The chorus is next. It is a reiteration of the end of the last symbol. It welcomes the writer to Hotel California, to greed and to fame. It's “such a lovely place” and there's “plenty of room”. “Any time of year, you can find it here” is the first hint at the downside of fame. It is an indication that fame is inescapable – you'll always be famous. You're no longer permitted to lay low and relax, like in the beginning of the song. All of this takes place in the hotel – in the world of fame and status symbols.

“Her mind is Tiffany-twisted, she got the Mercedes bends” really sums up the song. A Mercedes is definitely a status symbol. “She” is fame, thus status symbols go hand in hand with fame. The play on words (“Bends” instead of Benz) could be a symbol representing the bending of reality, or the overwhelming realization of fame. “She got a lot of pretty, pretty boys that she calls friends” adds to the status symbols. Having lots of friends and appearing popular around others is a status symbol, as it makes you appear famous and “upper” in the hierarchy we create for ourselves. “She” is in Hotel California, the portal to fame.

“Some dance to remember, some dance to forget” symbolizes the reason for chasing fame and the best of items. Some people chase fame and the best of things to remember a time when they had this (for a short period of time, as they weren't completely taken over or they wouldn't be remembering this time as good). Others chase fame to forget a time when they weren't famous, or when they didn't have everything they wanted. Again, all of this takes place inside the hotel, the place where fame is imminent and status symbols are required.

“Mirrors on the ceiling, the pink champagne on ice” are both status symbols.

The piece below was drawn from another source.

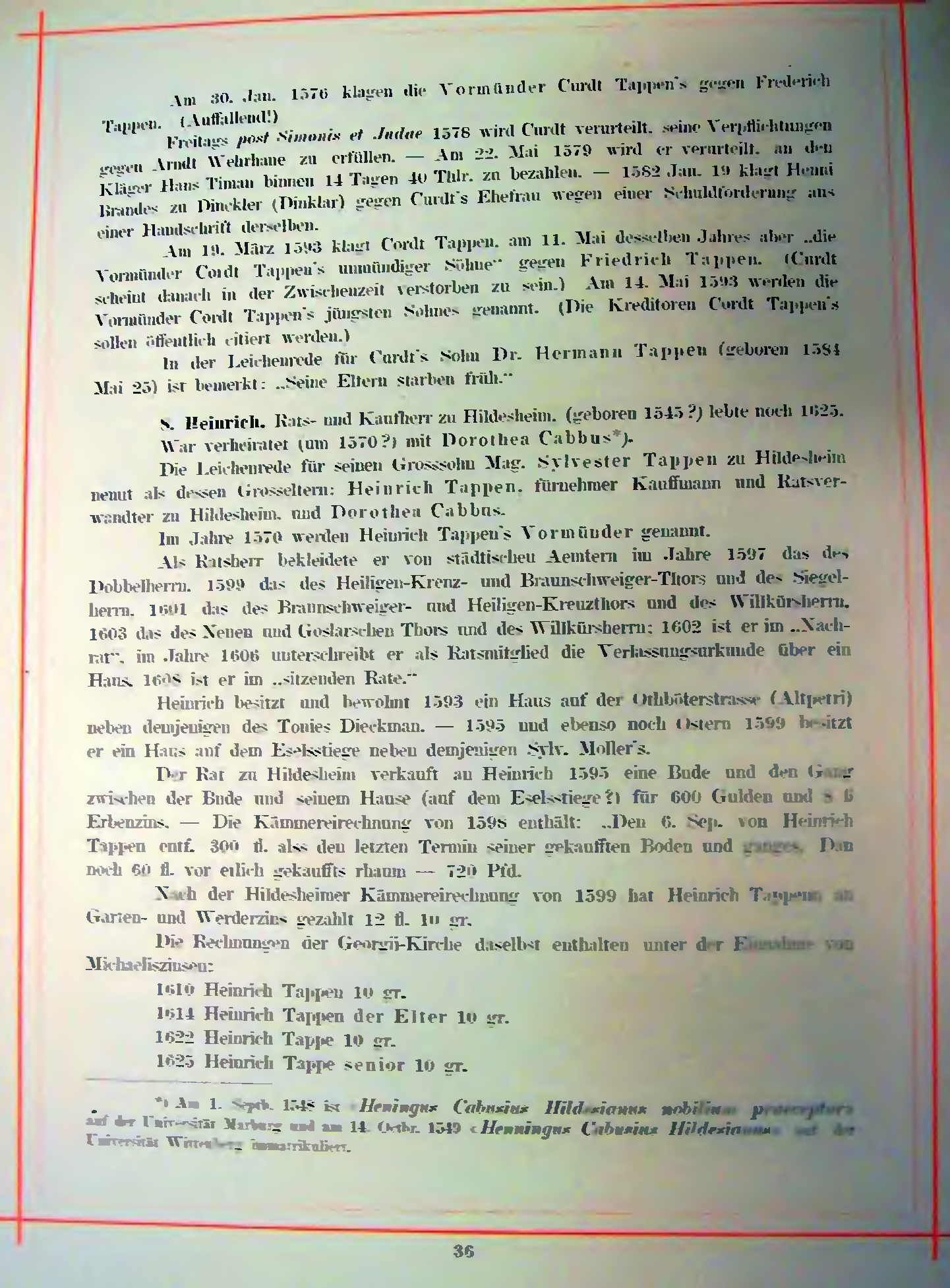 Nach der Hildesheimer Kämmereirechnung von 1599 hat Heinrich Tappenn an Garten- und Werderzins gezahlt 12 fl. 10 gr.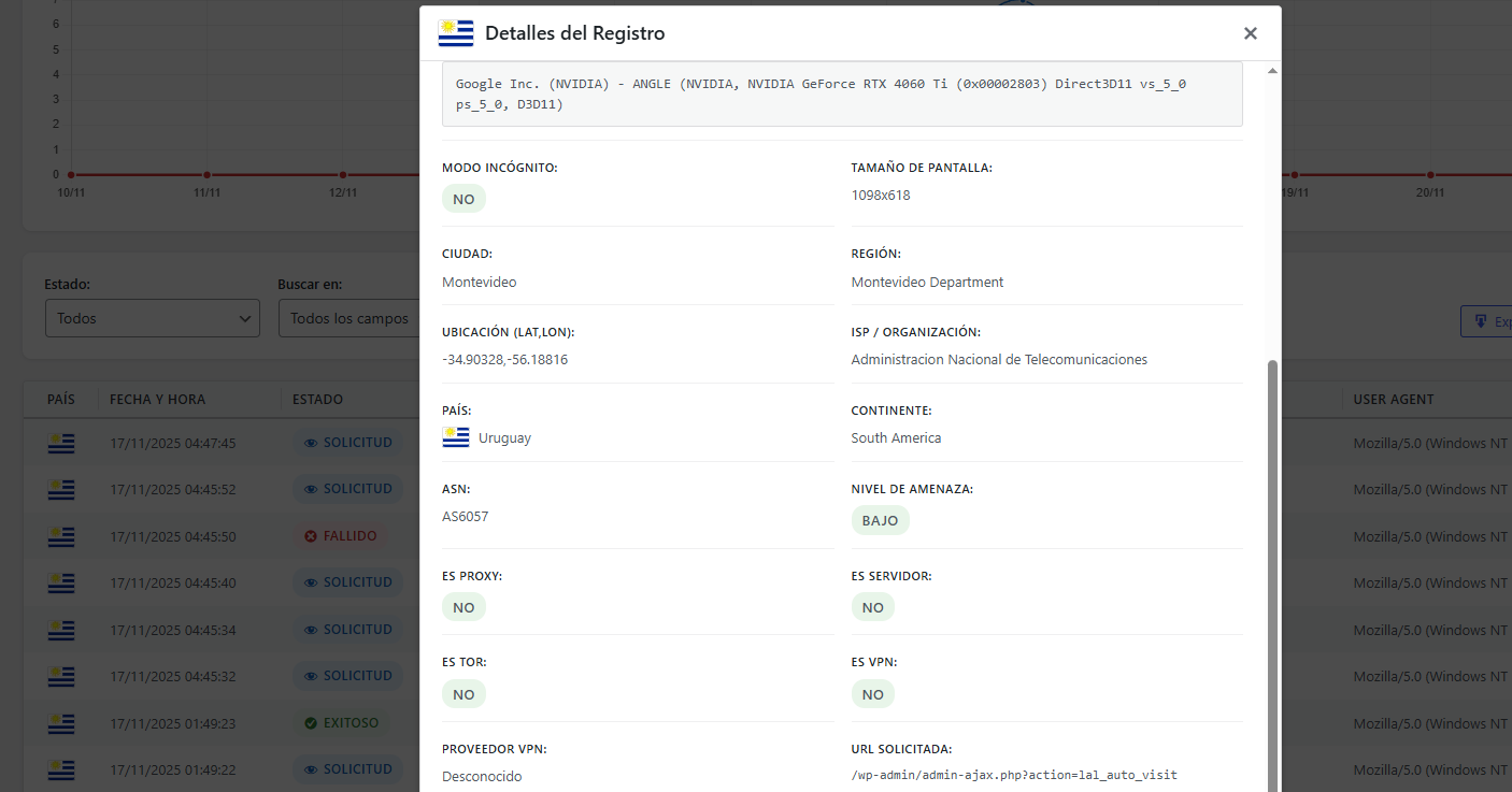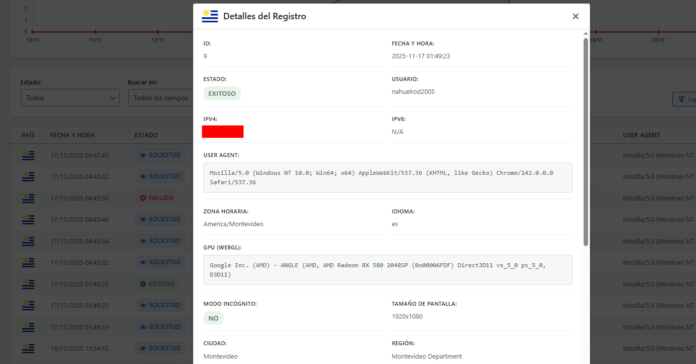 - Direccion IP capturada basada en posibles fugas de IP por webRTC

The mirrors on the ceiling are luxurious, but begin to give an eery feeling. The writer is beginning to realize the horror that fame can bring upon a person. Champagne on ice is luxurious, but the luxury is slightly tainted (Pink) by the writer's now-changing view of fame. The hotel is becoming bad and inescapable.

“And she said, 'We are all just prisoners here of our own device'” is a symbol representing the blunt truth. The writer made the choice to pursue fame and greed. He had the device or avenue in which to do it (in this case, music). He's now stuck. The writer can't escape. He's a prisoner, but it was his own choice that made him this prisoner. The Hotel, in addition to being a luxurious, positive place is now the writer's own prison.

“The last thing I remember, I was running for the door. I had to find the passage back to the place I was before... You can check out any time you want, but you can never leave” is the final reassertion of the song's meaning. The writer is running from fame, seeing that he's trapped and will never be able to relax. He's unable to escape, though. Fame has overtaken his lifestyle, overwhelming him. The song ends abruptly with “you can never leave”. There is no other option for the writer. He's trapped with fame and status symbols. The hotel encases him, disallowing him to escape to relaxation.

Through the use of symbolism, the writer of this song perfectly portrays the desire to be famous. Clever use of words (“Bends”) subtly adds to the effect, furthering the meaning of the song. If I were to re-write the song using another symbol, I would use something like a television. The person in the song is striving to become famous. The hotel represents everything famous in the song. Being on national T.V. generally makes you famous. After you've made your debut, your every mistake in your personal life is broadcast by the general media. You can't escape the general public – they know everything that you're doing when you're doing it. This song is a great example of subtle symbolism used to portray deeper meaning.